REPUBLIKA.CO.ID, JAKARTA -- Keberadaan baitulmal juga tetap dipertahankan pada era pemerintahan Khalifah Utsman bin Affan. Pada masa kepemimpinan Utsman, pejabat perbendaharaan yang ditempatkan di wilayah kekuasaan Islam bersifat independen.
Sehingga, pejabat baitulmal itu memiliki kekuasaan untuk mengontrol pengeluaran dana para pejabat dan gubernur di wilayah. Sempat terjadi benturan antara Sa’d bin Abi Waqas - gubernur Kufah yang kuat namun boros - dengan Ibnu Mas’ud pejabat perbendaharaan di Kufah.

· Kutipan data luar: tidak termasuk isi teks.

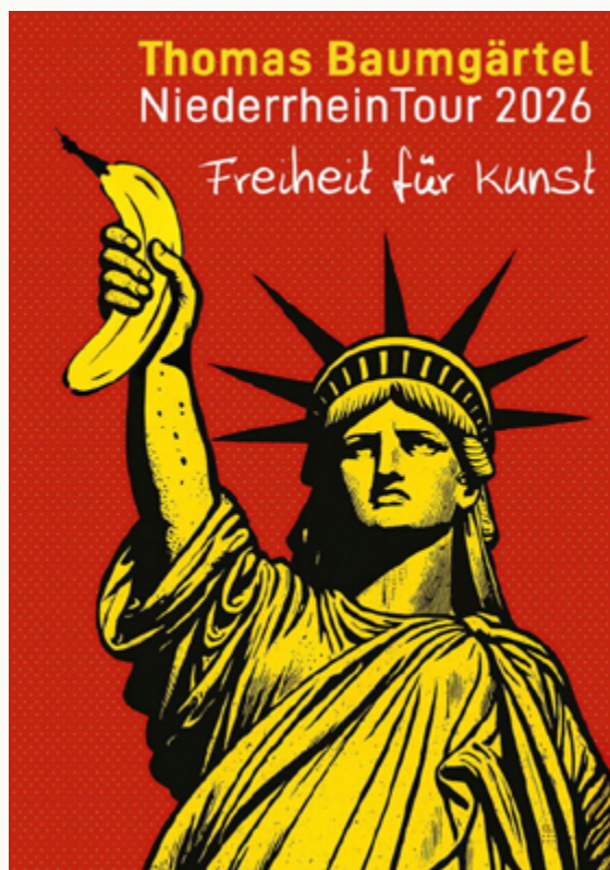
Abb.: Plakat zur Ausstellung Thomas Baumgärtel, 2026

Utsman akhirnya memutuskan untuk memecat Sa’d, karena dinilai terlalu boros. Khalifah ketiga ini juga menggunakan dana di baitulmal untuk menjamin kesejahteraan rakyatnya.
Utsman tak pernah mengambil dan menerima gaji sebagai khalifah dari baitulmal. Setiap hari Jumat, Utsman berupaya untuk memerdekakan budak. Dia juga menjamin kehidupan janda dan anak yatim-piatu.

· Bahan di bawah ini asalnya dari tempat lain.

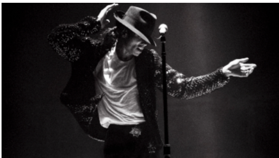
Imagen Nº 3

Imagen N°3, Denominado como el rey del genero musical pop :
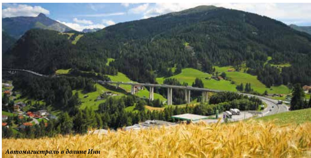
Автомагистраль в долине Инн

Pemerintahan Khalifah Ali bin Abi Thalib pun menggunakan dana yang dihimpun baitulmal untuk kepentingan rakyat dan pembangunan. Ketika pemerintahannya berseteru dengan Mu’awiyah, beberapa orang yang dekat dengan Ali membisiki agar menggunakan dana baitulmal. Namun, Ali dengan tegas menolak untuk menggunakan dana baitulmal.
‘’Apakah kamu menginginkan aku mencapai kemenangan dengan cara yang tak adil?’’ tegas Ali.
Pada era Khulafa Ar-Rasyidin, dana baitulmal benar- benar dikelola secara transparan dan adil. Para khalifah sama sekali tak tergiur untuk menggunakan dana yang bertumpuk di kas negara itu untuk kepentingan dan ambisi pribadi.
Pejabat korup dipecat dan dipenjara. Sehingga uang yang berasal dari rakyat benar-benar tersalur kembali untuk kesejahteraan rakyat.